**WHAT TO PRODUCE:**
The answer must be an exact transcription of the lines below from the first through the one containing "This wrapping paper", with the pictures left out; please add nothing else.

━━ MATERIAL PROVIDED ━━

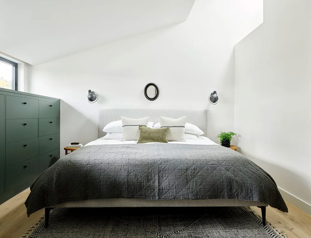 Weiße Möbel auf grauem Hintergrund: stylische schwedische Ferienvilla
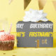 This wrapping paper design features a message like "FIRSTNAME’S 1st BIRTHDAY!", with the "1st" having a faux/imitation gold-like colour appearance, and with the name and "BIRTHDAY" in a fun, bold font. The name can be personalised, and the background is coloured grey (grey). Wrapping paper like this could perhaps be used when wrapping birthday gifts being given to somebody in celebration of their first birthday. [~Z0000211]
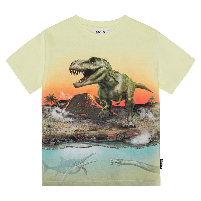 Футболка Molo – это идеальный выбор для юных динозавров! Изготовленная из 100% натурального хлопка, она украшена ярким принтом с динозаврами, вулканом и палеонтологическими элементами на светло-желтом фоне. Нежная текстура ткани и удобная посадка делают эту футболку отличным выбором для вашего ребенка!
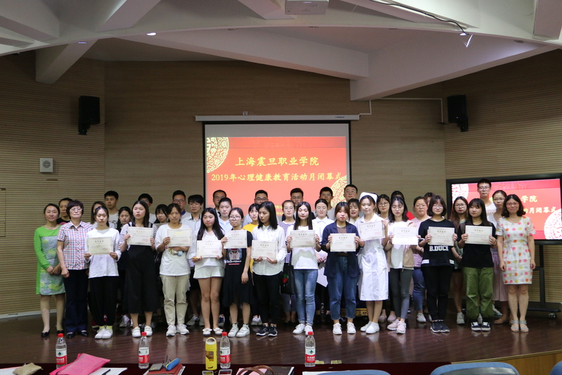 最后,上海震旦職業(yè)學院黨委副書記夏臻老師為2019年心理健康教育活動月閉幕式致閉幕詞。全體演職人員,包括工作人員,校領(lǐng)導合影留念。至此2019年心理健康教育活動月圓滿結(jié)束。
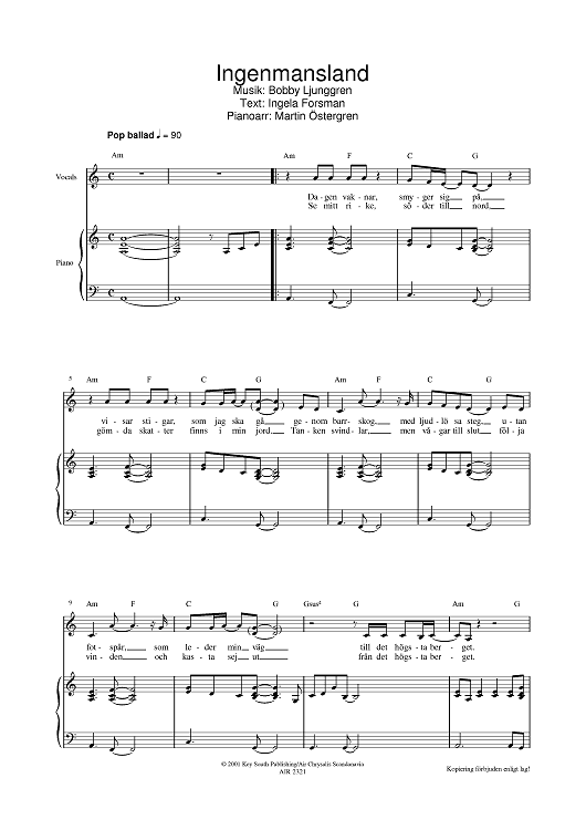 Digital Sheet Music for Ingenmansland by Jan Johansen scored for Piano/Vocal/Chords; id:377297
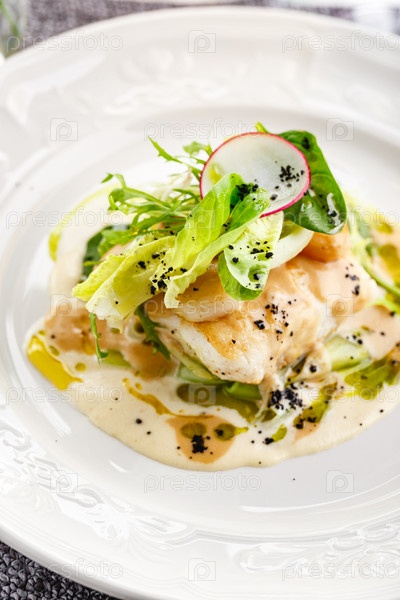 Спинка трески с гребешком и сельдереем

━━━

**COMPLETED EXERCISE:**
 Weiße Möbel auf grauem Hintergrund: stylische schwedische Ferienvilla
 This wrapping paper design features a message like "FIRSTNAME’S 1st BIRTHDAY!", with the "1st" having a faux/imitation gold-like colour appearance, and with the name and "BIRTHDAY" in a fun, bold font. The name can be personalised, and the background is coloured grey (grey). Wrapping paper like this could perhaps be used when wrapping birthday gifts being given to somebody in celebration of their first birthday. [~Z0000211]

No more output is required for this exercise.